Possible mechanisms and significance of the neonatal surge in glucagon secretion: studies in newborn lambs.

Abstract

Studies were conducted in newborn lambs to gain insight into the significance and mechanism(s) responsible for the rapid rise in plasma immunoreactive glucagon (IRG) which occurs in human and other newborn species immediately after delivery. Three sets of experiments were conducted: group A, control studies (n = 5) in which delivery into room air was followed 1 hr later by cutting of the umbilical cord and periodic blood sampling for a further hour; group B, studies (n = 5) in which somatostatin (SRIF), a known inhibitor of IRG and insulin (IRI) secretion, was infused int othe fetus for 10 min before, and for 1 hr after delivery and immediate cord cutting; group C, studies (n = 5) in which an identical dose regimen of SRIF was infused into fasting newborn lambs aged 24-72 hr.
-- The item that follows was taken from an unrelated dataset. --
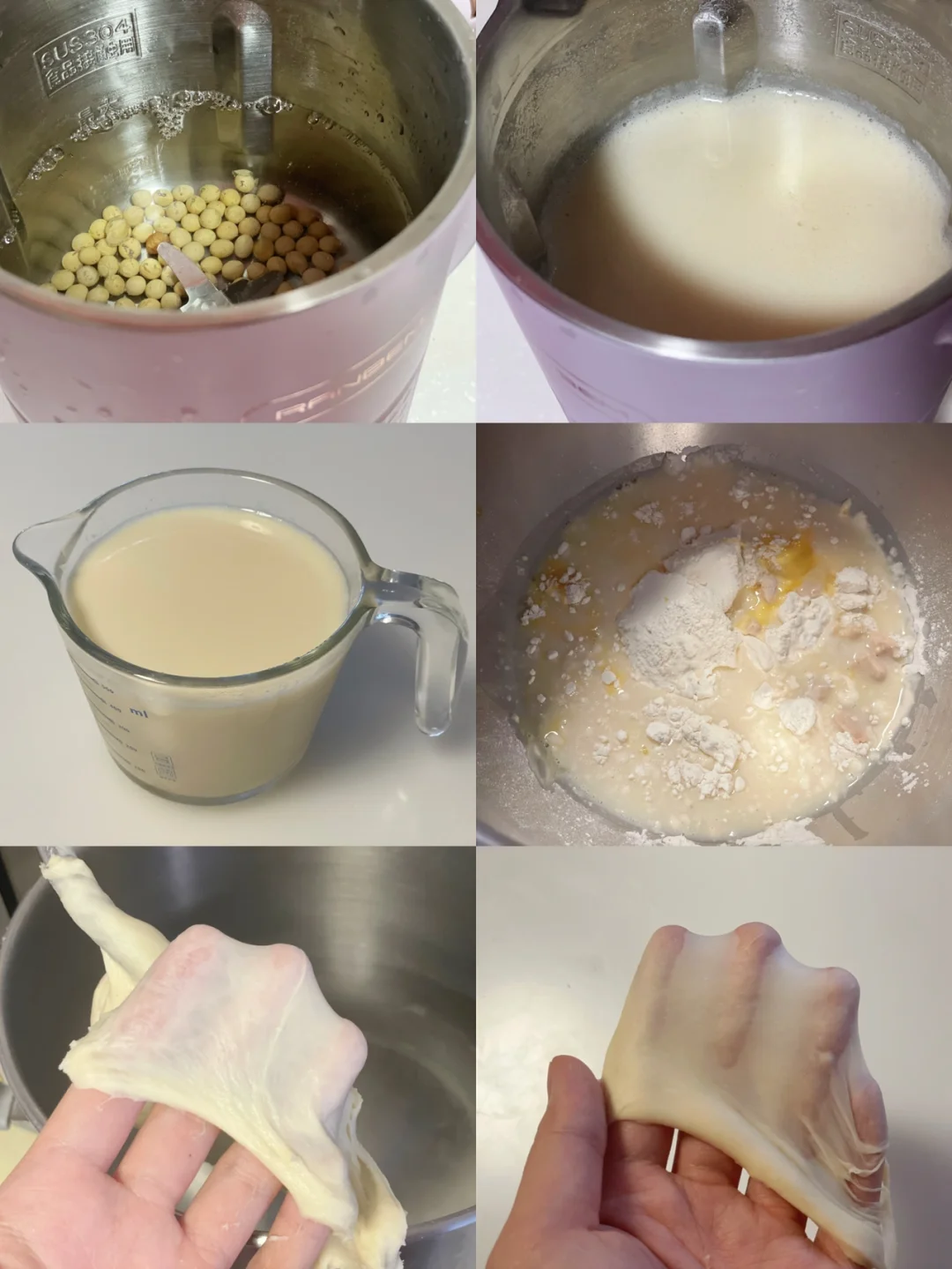 🥣面团:高筋面粉200g|自制豆浆135g|奶粉8g|盐2.5g|糖20g|鲜酵母6g(可替换耐高糖干酵母2g)|全蛋液15g|黄油10g

The doses of SRIF used were several fold higher than those proven to suppres pancreatic hormones secretion in other species. In the control studies, plasma IRG levels remained stable until the cord was cut, after which event levels rose 5-6-fold (59 +/- 15 pg/ml to 305 +/- 98 pg/ml, P less than 0.05). Simultaneously, plasma free fatty acid (FFA) concentrations rose significantly (280 +/- 80 to 780 +/- 100 muEq/liter, P less than 0.05) and IRI remained unchanged. Plasma glucose concentrations, however, in contrast to observations in other species, did not fall, and therefore, hypoglycemia was not the stimulus for the glucagon surge. SRIF infusion at birth (group B) did not prevent the rise in IRG. Again blood glucose values did not fall, but in contrast to the control studies plasma IRI levels rose and the rise in FFA did not occur. Later SRIF infusion (group C) resulted a prompt and sustained suppression of IRG and IRI and a significant fall in blood glucose. These results suggest that an adrenergic mechanism rather than curtailment of nutrients is the major stimulus to the neonatal surge in IRG.

PMID:
876705
[PubMed - indexed for MEDLINE]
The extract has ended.